Work in progress per member
A standard feature of Kanban is that you have limits to the amount of work you can have in progress to ensure smooth flow, so we tried to measure that for a team.
For each person, you can calculate how many tasks they have in progress on a single day. We counted any task that was in progress or in review (code review or QA check), i.e. a task that had been started but was not merged yet.
Sentiment of people on the team
We used a simple weekly survey that had a few questions and one of them was, ‘From 1-5 how did you feel at work this week?’
A starting point
Team metrics are a very sensitive topic because you can promote the wrong incentives very easily, so the way I always used them was mostly just as a starting point for conversations with teams or their managers, like, ‘Hey, I noticed that your team has a lot of work in progress and your bug counts are increasing, is everything OK? Do you need any help?’
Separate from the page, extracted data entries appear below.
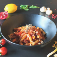 Fusilli cremoase intr-un sos bogat din smantana pentru gatit, cheddar, mozzarella si parmezan, completate de bacon crocant si un strop de piper. Un preparat reconfortant, perfect pentru pofta de ceva consistent si savuros.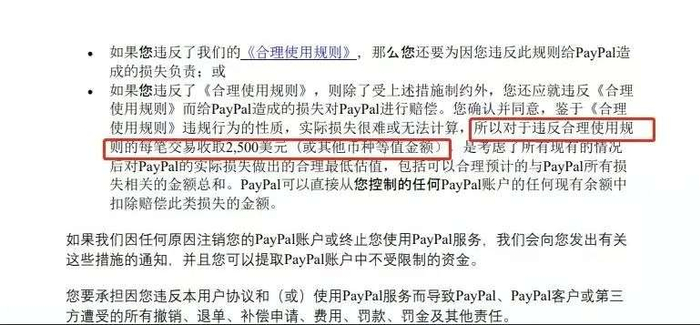 对PayPal进行赔偿。如果违反造成的损失,就得按照次数(交易笔数),每笔交易收取2,500美元的违约金。PayPal可以直接从控制的任何PayPal账户的任何现有余额中,扣除赔偿此类损失的金额。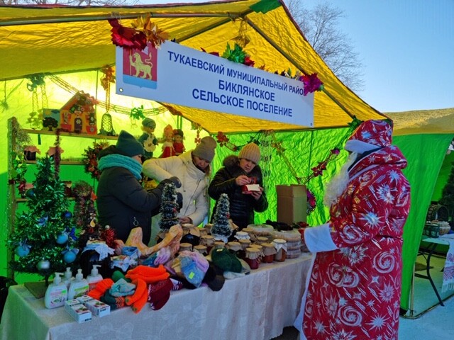 На территории стадиона «Строитель» накануне развернулась специализированная сельскохозяйственная ярмарка, в которой приняли участие сельские поселения Тукаевского района. Здесь в широком ассортименте продавцы предлагали речную рыбу, картофель, овощи, мясную и молочную продукцию, а также различную бакалею. Свои торговые точки фермеры оформили в новогодней тематике.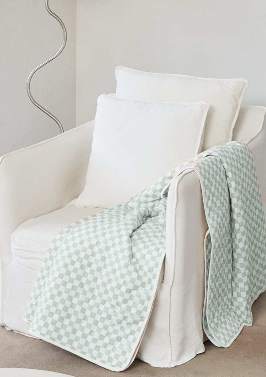 George Collective - Stonewashed Cotton Quilted Throw - Desert Sage CheckerCLEARANCE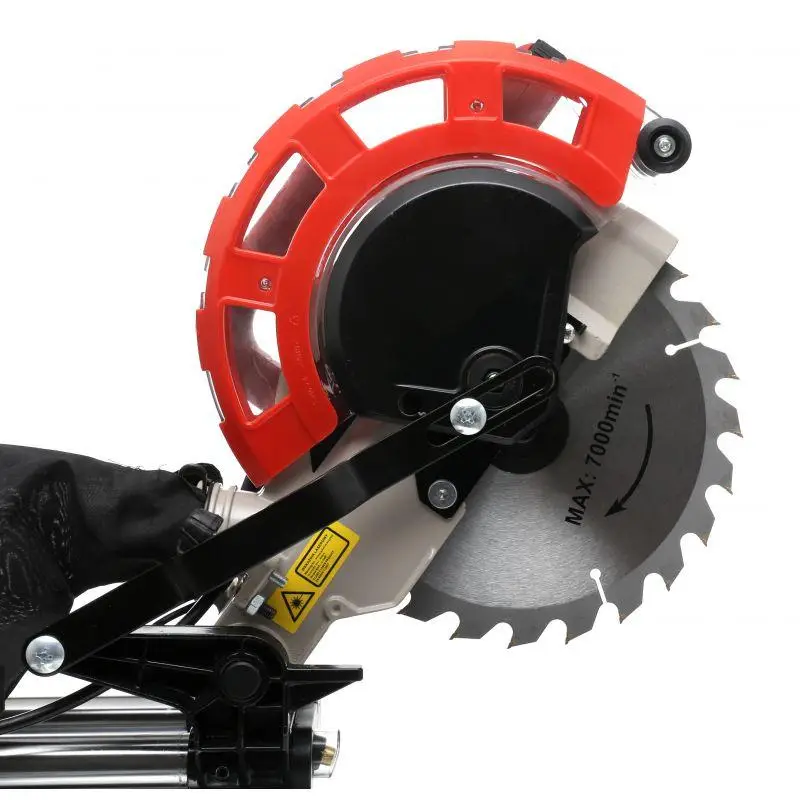 Двигун пилки генерує потужність 2200 Вт і швидкість 4700 об./хв, що забезпечує швидку та точну роботу. Торцювальна пила обладнана лазером, що неабияк покращує роботу та робить пропилювання точнішими.

How are we doing on our goals?
Progress on Objectives and Key Results (OKRs)
We subscribed to the OKRs philosophy, so every quarter we set goals with the engineering team. These included a few top-level goals, which were then supported by goals each of the teams constructed in classic OKR style. Every week, the teams would update their progress on their OKRs and we would aggregate them.
We tracked goals separately from the operational metrics, as you can see in the images earlier on in this article.
These dashboards allowed me to see most of the things I needed at a glance, no matter where the team was located. Any number that looked odd would pop out in bright yellow or red colors in the reports (see above), allowing me to focus my attention easily and check in with the teams. It's very important to never use these metrics in any compensation discussions so everyone can try and ‘game the system’. Though on the other hand, if the metrics are set up well, ‘gaming the system’ just means the teams are doing more of the right things.
For example, there was an air of satisfaction amongst our teams when they slashed the time that tests needed to run, and our lead time number visibly dropped. It was great to see the average time to merge a pull request dropping, deployment frequency increasing week by week, and at the same time see our reliability growing. Another highlight was when the team was able to fix a customer issue in 20 minutes compared to the 20 hours it took them the first time. When the system really started working, we reached a point where we didn't even have any P0 bugs in production for six months.
When we started using these metrics, our main focus was to go from releasing every two weeks to deploying anything that had been merged to production. This allowed us to measure every step of the journey, and also gave us good opportunities and clear points of when to celebrate milestones.